Other caveats include children and pets. With some kids and some pets, it
doesn't matter how much money you have and how tidy you are by habit.

------
vinceguidry
Long down this road. More tips:

Routinizing your diet can bear more useful fruit than anything else. First
prioritize ease of preparation, then taste and enjoyment, then health. Doing
it in that order makes the subsequent steps a million times easier.

At work, I would go out to eat every day. They clean out the fridge every week
and any time I'd start to get into a lunch routine, the fridge cleanout
wrecked progress every time and I'd be back to eating out. Eventually I
started bringing canned soups to work as they don't need refrigeration. With
lunch no longer being subject to the dictates of the fridge schedule, I can
start prioritizing taste and enjoyment. I got oil, vinegar, hot sauce, salt
and pepper grinders to add to the soups. Canned chicken adds a lot to them as
well, and just enough calories so that I don't get hungry again an hour later.

I have similar routines for dinner, which allows more flexibility due to a
fridge I can control and a stove and utensils and all that. It's still limited
by the fact that I can't cook every single night. So I compromise, building on
frozen dinners, adding onions, peppers, seasonings, butter, protein, then
saving half for the next day. Make things a little better each time while
staying within your routine. Eventually it's all muscle memory and your mind
focuses on what's new and it doesn't feel like drudgery.

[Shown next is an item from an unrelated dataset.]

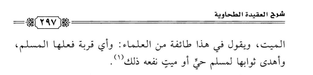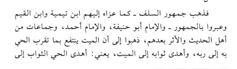 “The majority of the Salaf, as Ibn Taymiyyah and Ibn al-Qayyim attributed it to them, and they explicitly described them as “the majority”, along with al-Imām Abū Ḥanīfah, al-Imām Aḥmad, and groups from the Ahl al-Ḥadīth and Athar after them, held the view that the deceased benefits from what the living person draws near to his Lord with and then gifts its reward to the deceased; meaning that the living person gifts the reward to the deceased. A group of scholars say in this regard, whatever act of devotion a Muslim performs and gifts its reward to a Muslim, whether living or dead, it benefits him.”
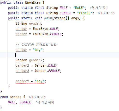 특정 값만 불러서 사용해야 할 때는 정해진 값으로 타입처럼 enum을 만들어서 사용할 수 있음

Health comes in after you've finished the heavy lifting on the first two. I
started noticing little differences in how I feel after meals, and adjusting
how much I eat each time. Pounds have been coming off effortlessly, but I
don't feel hungry very often unless I get off my routine for whatever reason.

Your computing life can be simplified the same way. Build on a foundation, in
my case Ubuntu. Years ago I maintained a set of instructions, nowadays my
scripts are reliable enough to get a brand new Ubuntu system from just
installed to usable in some 10 minutes. I use them more often than you'd
think.

You learn deeper concepts over time. I kept everything on Dropbox until I
found Spacemacs and projectile, now I'm moving it all back to git. I used to
keep complicated sync scripts in .bashrc, now I manually run a sync script as
a matter of routine. Workflowy is giving way to orgmode. Ruby may never be
dislodged from my life, but I've been adding in Crystal for use in keyboard
macros. More power is slowly earned and the number of Sorcerer's Apprentice
ordeals dwindles.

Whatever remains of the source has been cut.